GNU General Public License v3.0GPL-3.0

Local BLAST tutorial using a custom sequence database

Install conda and required packages in bash/terminal

Download and install miniconda. Then, open terminal and create a new environment called "BLAST" to install BLAST+ and seqkit.
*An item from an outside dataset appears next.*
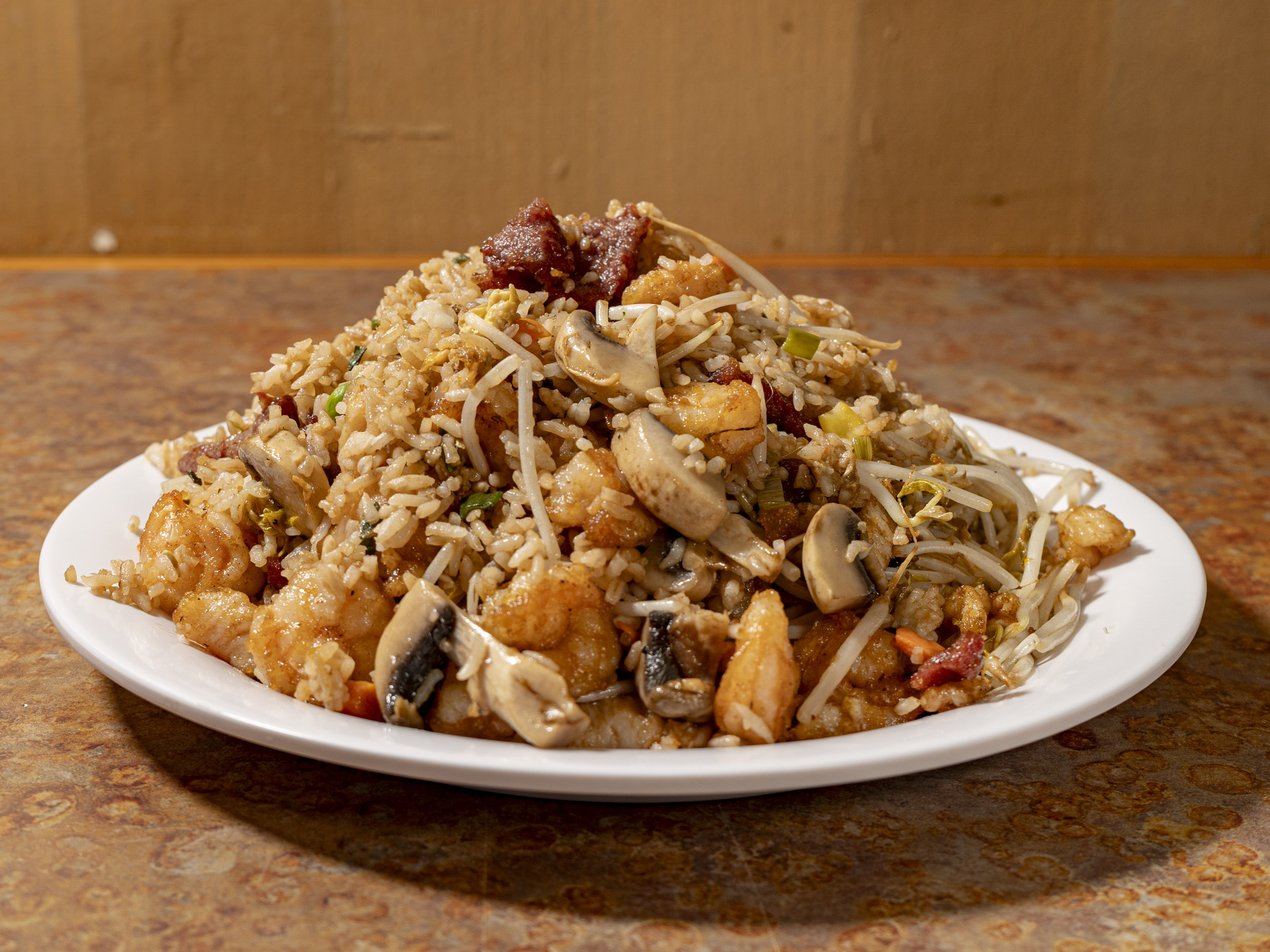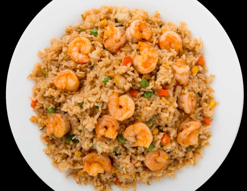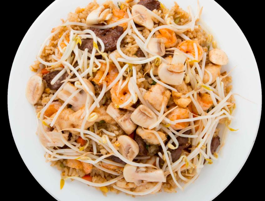 Arroz frito con zanahoria, elote, chícharo y cebollín, camarón, pollo, res, germen de soya, champiñones.

Remember to activate your BLAST environment whenever you use these tools.

conda create --name BLAST
conda install -n BLAST -c bioconda blast
conda install -n BLAST -c bioconda seqkit
conda activate BLAST

Retrieve sequence accessions from NCBI nucleotide in your web browser

Use filters to query the NCBI nucleotide database to retrieve desired sequence accessions, for example:

(((ITS1[All Fields] OR 5.8S[All Fields]) OR 28S[All Fields]) OR ITS2[All Fields]) AND ("0"[SLEN] : "10000"[SLEN]) AND fungi[filter]
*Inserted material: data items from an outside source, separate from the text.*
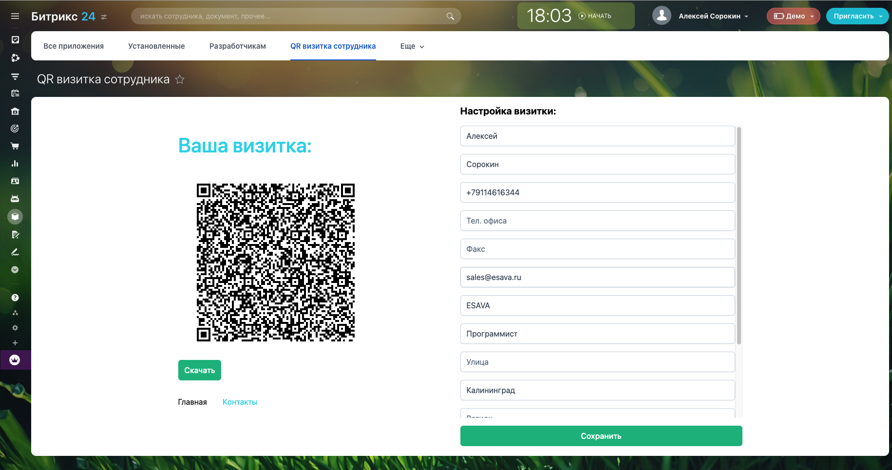 Приложение позволяет сгенерировать QR код с вашим контактом для любых мобильных устройств. После сканирования клиент получит предложение сохранить Ваш контакт в своей телефонной книге.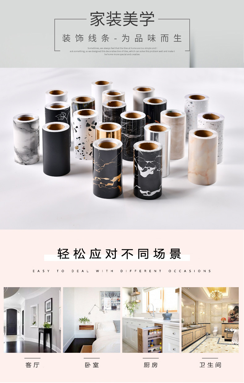 도매 자체 접착식 키티라인 스톤 패턴 벽 스티커 욕실 방수 웨이스트라인 창틀 프레임 웨이브라인 바닥 라인 도매스토어 가기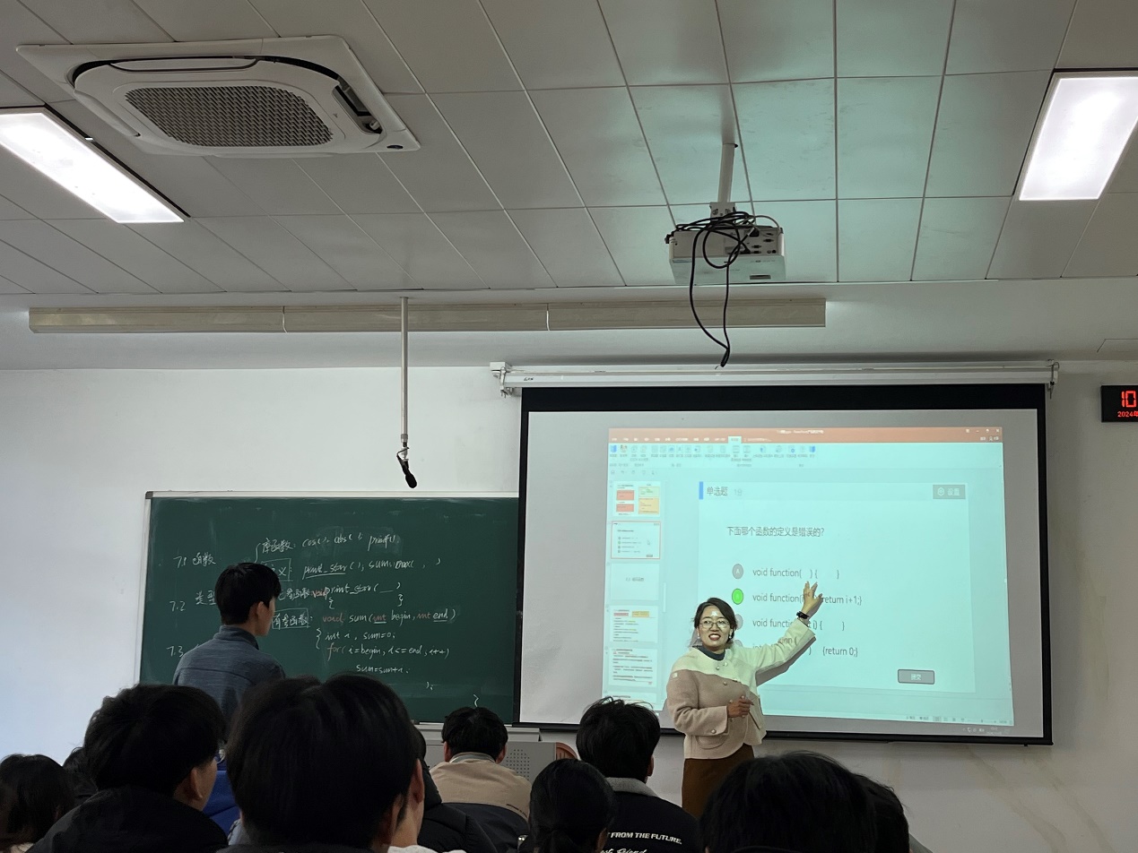 本次示范教学由张季琴老师主讲,讲授内容为《计算机程序设计基础》课程第七章用函数实现模块化设计。张老师从实际编程问题出发,引入“函数”概念,深入浅出的阐述了学习“函数”的必要性和重要性。通过实例详细讲解了函数的定义与调用方法,并通过雨课堂平台设置随堂问题,及时了解学生对知识的掌握情况,并提供即时反馈与讲解,有效促进了师生间的互动。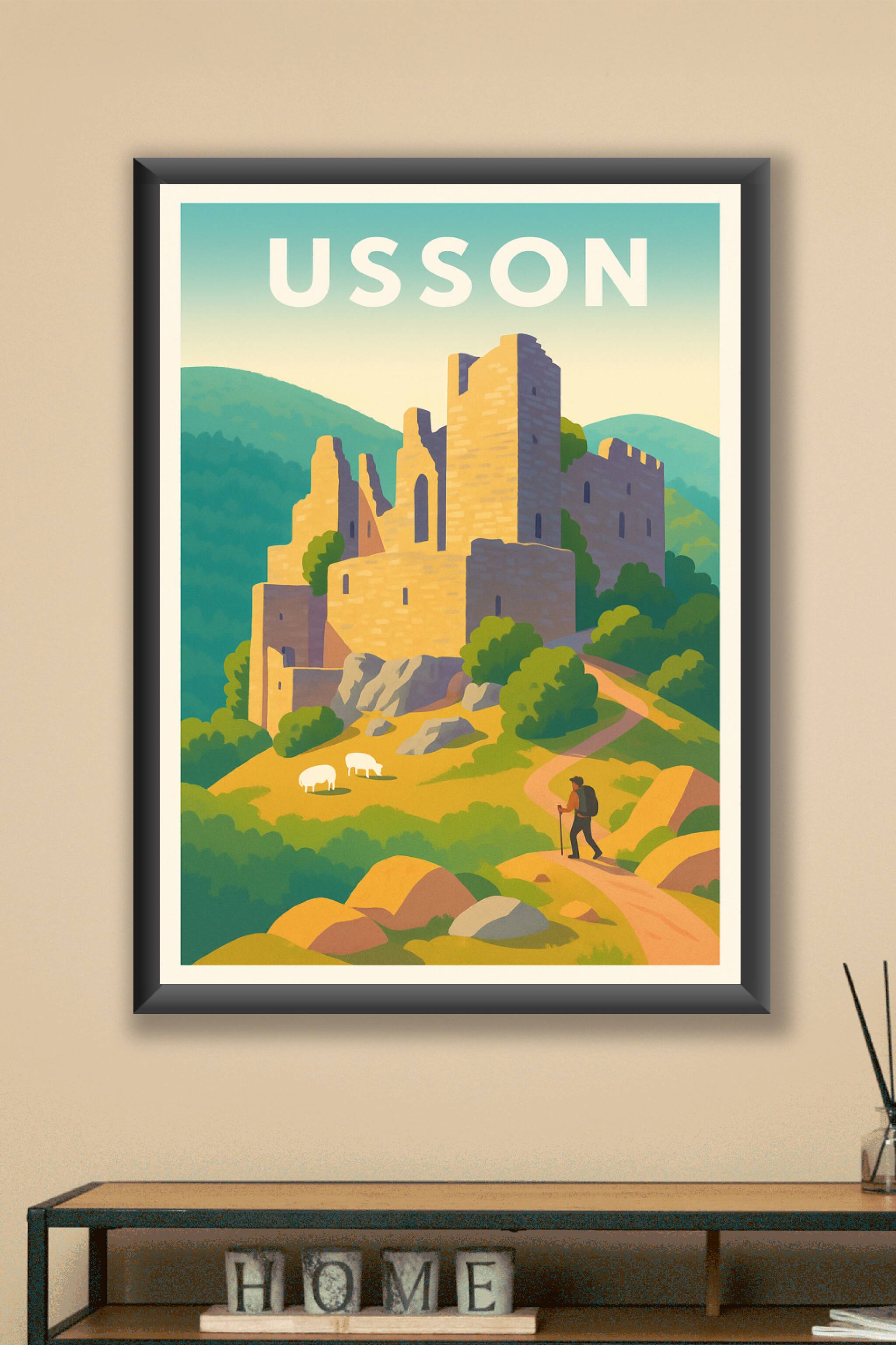 Découvrez le charme authentique d'Usson avec cette superbe affiche illustrée représentant les ruines emblématiques nichées dans un paysage vallonné...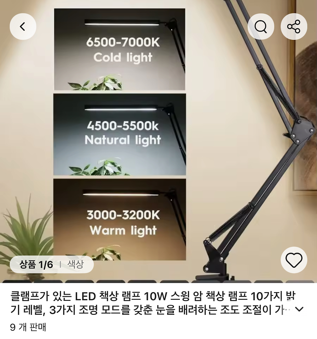 책상이 창문 등지는 위치에 있어서 낮에도 책상에 앉으면 어두운 편인데 불 켜기는 너무 눈부시고... 할 때 쓰려고 샀어. 책상에 클램핑 해서 쓰면 되고 보조배터리나 어댑터 연결해서 쓰면 돼. 색 온도 3종에 밝기조절도 됨. 구매가 4.02달러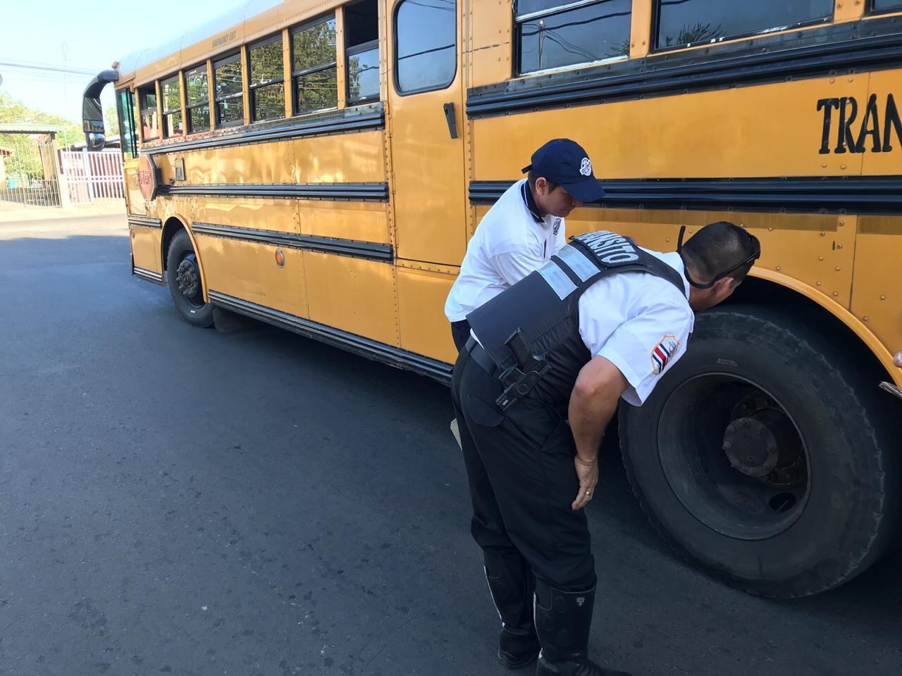 El Grupo de Operaciones Especiales (GOE), región Pacífico, de la Policía de Tránsito detuvo en Orotina tres buses de transporte de estudiantes con llantas tan gastadas que parecía se iban a estallar, lo peor, los tres buses llevaban estudiantes al momento de la revisión en carretera que les realizaron.

Would retrieve accessions for all ITS1-ITS2 region sequences in fungi.

Save these as a plain .txt file by clicking "Send to" "File" and choose format "Accession list".

Retrieved fasta sequences using reutils in R

In this loop, we chunk the retrieval of FASTA sequences of the selected accessions from NCBI. We do this because efetch will hang if you try to retrieve > 10000 sequences at once. Save these to a directory called "fasta" within the working directory.

setwd("path/to/working/directory")
library(reutils)
accessions <- read.table("accessions.txt",sep="\t",header=F)[,c(1)]
chunks <- split(accessions,cut(seq_along(accessions),5000,labels = FALSE))
for(i in 1:length(chunks)){
  print(i)
  fetch <- efetch(unlist(chunks[i]), db="nuccore", rettype = "fasta", retmode = "text",strand=1)
  write(content(fetch), file = paste(paste("fasta/",i,sep=""),".fasta",sep=""))
  cat("\014")
}

Prepare local blast sequence database in bash/terminal

Combine the chunks into a single fasta file:

cd path/to/fasta/directory
find . -maxdepth 1 -type f -name '*.fasta' -print0 | sort -zV | xargs -0 cat > path/to/save/directory/sequences_temp.fasta

Remove spaces and clean up sequence headers:

cd path/to/save/directory/
awk '/^>/ {printf("\n%s\n",$0);next; } { printf("%s",$0);}  END {printf("\n");}' < sequences_temp.fasta | sed '/^$/d' > sequences_temp2.fasta 
cat sequences_temp.fasta | perl -pe 's/^>gi\|\d+\|.*\|(.*)\|.*/>$1/' | sed '/^>/ s/ .*//' > sequences_temp3.fasta  

Remove duplicate sequences using seqkit:

seqkit rmdup -s < sequences_temp3.fasta > sequences_temp4.fasta
awk '/^>/ {printf("\n%s\n",$0);next; } { printf("%s",$0);}  END {printf("\n");}' < sequences_temp4.fasta | sed '/^$/d' > sequences_temp5.fasta 
cat sequences_temp5.fasta | perl -pe 's/^>gi\|\d+\|.*\|(.*)\|.*/>$1/' | sed '/^>/ s/ .*//' > sequences.fasta

Make local blast database. Change "localbastdb" to your desired database name.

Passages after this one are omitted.